SANTIAGO (Reuters) - Chile’s mining regulator on Tuesday ordered a halt to all operations at two major copper mines, state-owned Codelco’s Chuquicamata and Freeport-McMoran Inc’s El Abra, to investigate separate fatal accidents.
“We are concerned that today August 30 we had two accidents with three lost lives,” said Rodrigo Alvarez, the head of the Sernageomin regulator, in a tweeted video comment.
“We’ve made two very difficult decisions for the industry.
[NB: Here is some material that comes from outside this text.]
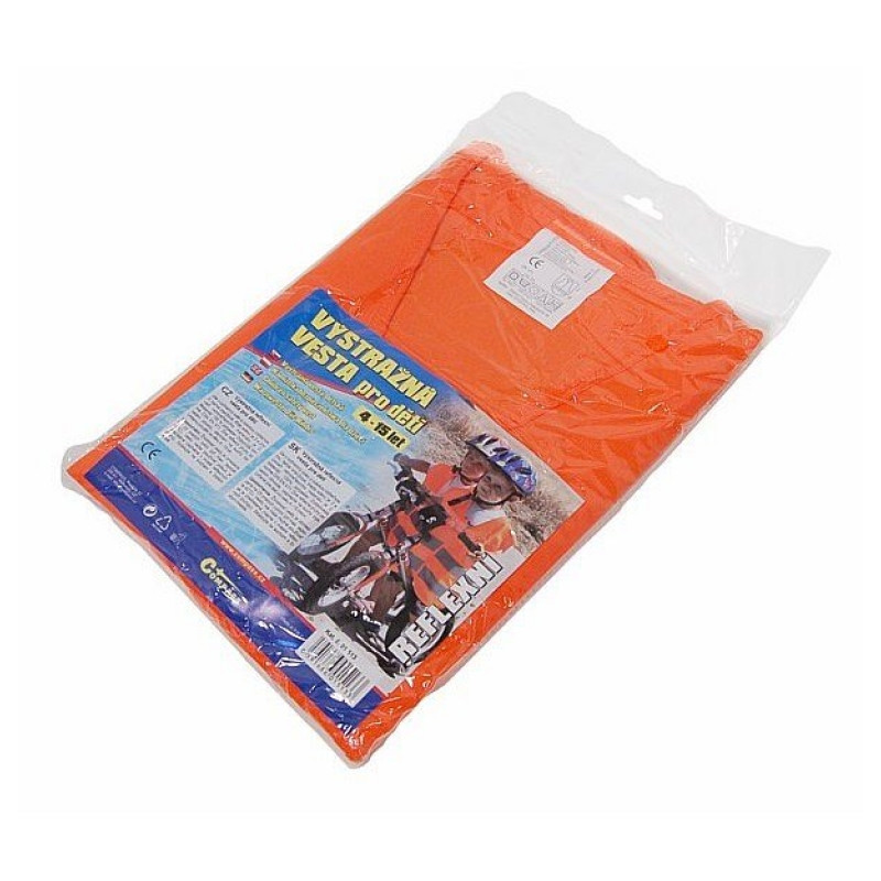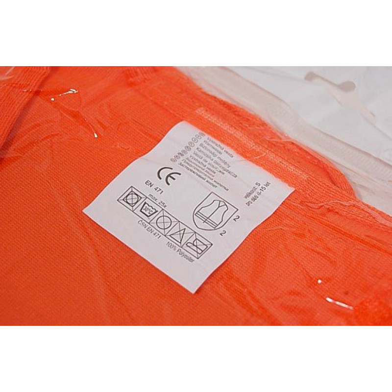 Dva reflexné pruhy po celom obvode, zapínanie na suchý zips. Zodpovedá norme STN EN 471. Veľkosť S, určené pre deti vo veku 4 - 15 rokov, farba oranžová.

We’ve ordered the provisional and total suspension of both mines,” Alvarez added.
Codelco, the world’s No. 1 copper producer, suspended operations at century-old Chuquicamata after two workers were killed when the vehicle they were driving collided with a giant mining truck at around 1 p.m. local time (1200 EST).
El Abra said that a worker died after an accident at its acid unloading terminal.
“All the workers are affected,” the president of El Abra’s union, Juana Mejias, said as she choked back tears. “This is really terrible and it hurts and is a product of excess workload in which the company cares about producing and producing and has pushed safety to the sidelines.”
When asked about the union leader’s comments, Freeport referred to an earlier statement that said the company reiterates its commitment to worker safety.
The accidents come at a time when mining companies across the industry have cut costs and laid off workers to cope with plummeting copper prices.
Century-old Chuquicamata produced 309,000 tonnes of copper in 2015. El Abra, which is 51 percent owned by Freeport and 49 percent owned by Codelco [COBRE.UL], produced around 147,000 tonnes of copper last year.